It depends on several conditions, as motivation, the reason for acquiring new knowledges about it, the needs, etc.

Not all the people has the same talents for languages, as not all people has talents for music, dancing, sports. etc. It is no a subject, of definitely Yes, or No, as I said before, it depends on different aspects.

In my experience, I have taught many adult people, and they have learnt with a lot of interest and good results, children have their own natural abbility, but I insist, it is a personal matter.
annissa





Balasubramaniam wrote:

In one of the threads in another forum the issue of learning a new language as an adult came up which had interesting possibilities for discussion. But as it would have caused a major digression from the main vein of that particular thread it was suggested that a new thread be begun under this forum to discuss this issue.

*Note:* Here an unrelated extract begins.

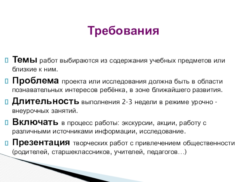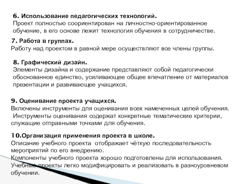 Должно быть понятно, представлено логично и удобно для восприятия. Самостоятельные исследования учащихся иллюстрируются. Цели и тема ясно изложены, хорошо определены и поддержаны вопросами темы и учебной программы. Учебный проект поддерживает разноуровневое обучение.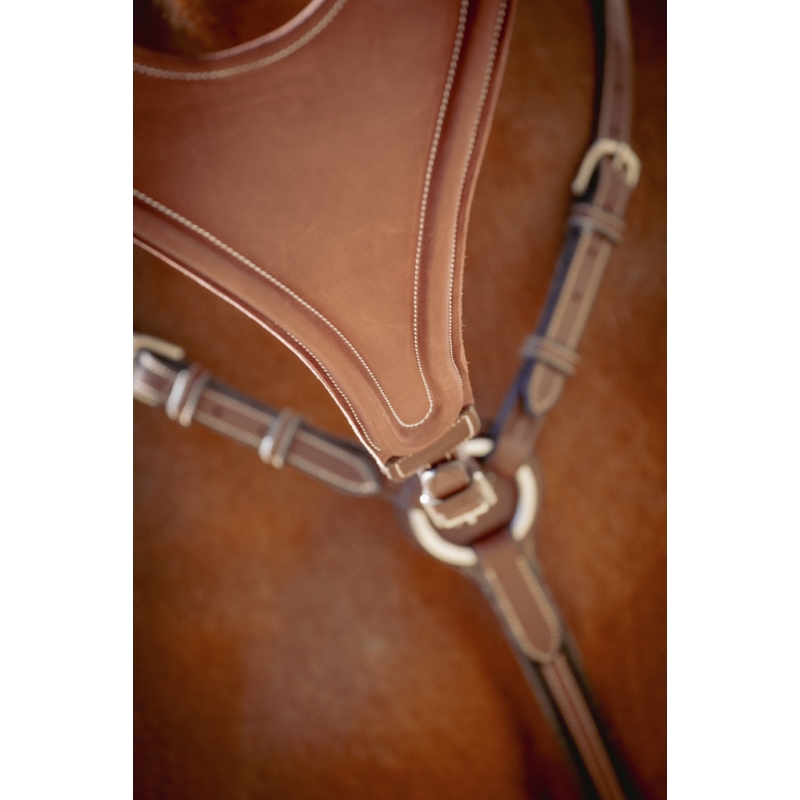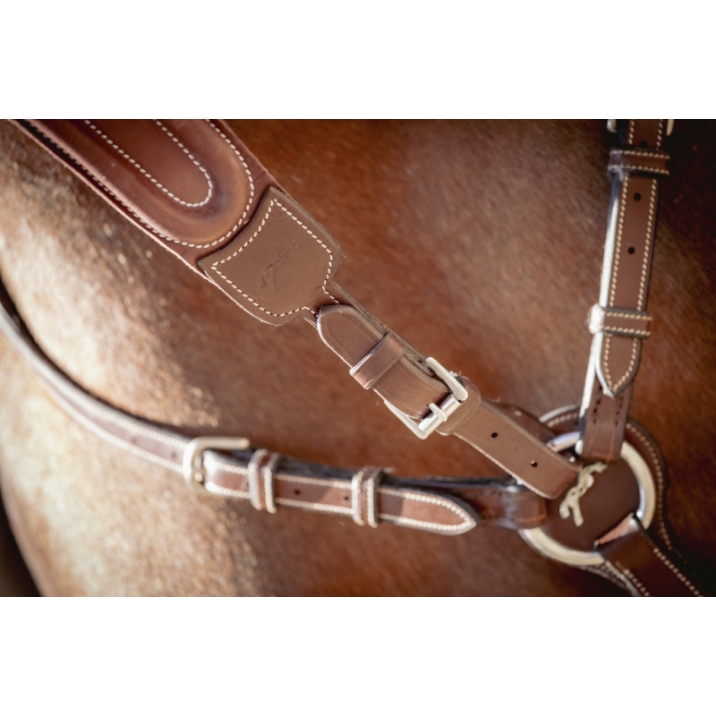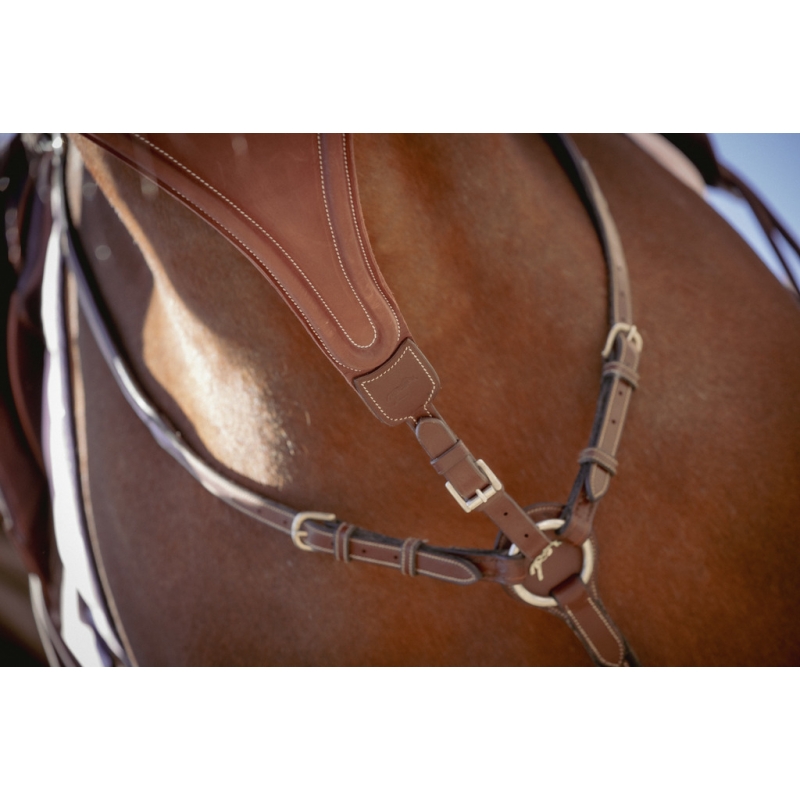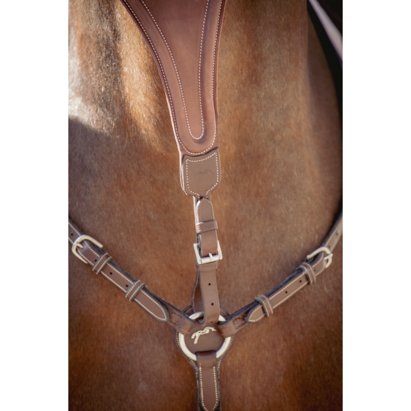 The Bip plain elastic martingale attachment from Pénélope Collections is ideal for guiding certain horses. It helps keep them on a straight rein or limits overly high head carriage. Easily adaptable to any type of breastplate and particularly to our Martin-collier, it consists of a solid leather section embossed with the Pénélope logo. At the ring level, an elastic link runs from each side of the solid section, ensuring comfort in contact with the horse. It attaches to a breastplate or to the Martin-collier with an adjustable buckle.

Many people claim that they learned six or seven languages in adult life. Is this possible? Is it possible to learn even one new language properly after you have crossed the threshold of 13 or15 years of age? Here we are not talking about rudimentary knowledge of a few sentences or a basic vocabulary of a language, but near-native competency.

It was my understanding - and I am neither a linguist, nor a scientist - that the current belief of science is that languages can only be learned perfectly in the first few years of one’s life.

I invite people with linguistic training and knowledge - as well as others, of course - to respond to this thread and to dispel any pseudo-science involved in this matter.